Shepherd's pie, cottage pie, or in its French version hachis Parmentier is a savoury dish of cooked minced meat topped with mashed potato and baked. The meat used may be either previously cooked or freshly minced. The usual meats are beef or lamb. The two English terms have been used interchangeably since they came into use in the late 18th and the 19th century, although some writers insist that a shepherd's pie should contain lamb or mutton, and a cottage pie, beef.

History

Cottage pie

The term was in use by 1791. Parson Woodforde mentions "Cottage-Pye" in his diary entry for 29 August 1791, and several times thereafter. He records that the meat was veal but he does not say what the topping was. The dish was known in its present form, though not under the same name, in the early 19th century: in 1806 Maria Rundell published a recipe for "Sanders", consisting of the same ingredients as cottage or shepherd's pie: minced beef or mutton, with onion and gravy, topped with mashed potato and baked. 

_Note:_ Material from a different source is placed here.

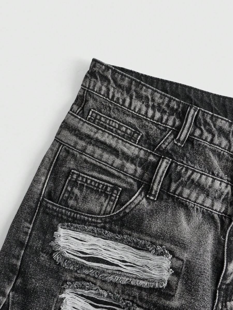 Street Life Pantalones cortos vaqueros de cintura alta desgastados sencillos para hombres, escuela

In 20th-century and later use the term cottage pie has widely, but not exclusively, been used for a dish of chopped or minced beef with a mashed potato topping. The beef may be fresh or previously cooked; the latter was at one time more usual. Well into the 20th century the absence of refrigeration made it expedient in many domestic kitchens to store cooked meat rather than raw. In the 1940s the chef Louis Diat recalled of his childhood days, "when housewives bought their Sunday meat they selected pieces large enough to make into leftover dishes for several days". Modern recipes for cottage pie typically use fresh beef.

Shepherd's pie
A recipe for shepherd's pie published in Edinburgh in 1849 in The Practice of Cookery and Pastry specifies cooked meat of any kind, sliced rather than minced, covered with mashed potato and baked. In the 1850s the term was also used for a Scottish dish that contained a mutton and diced potato filling inside a pastry crust. Neither shepherd's pie nor cottage pie was mentioned in the original edition of Mrs Beeton's Household Management in 1861.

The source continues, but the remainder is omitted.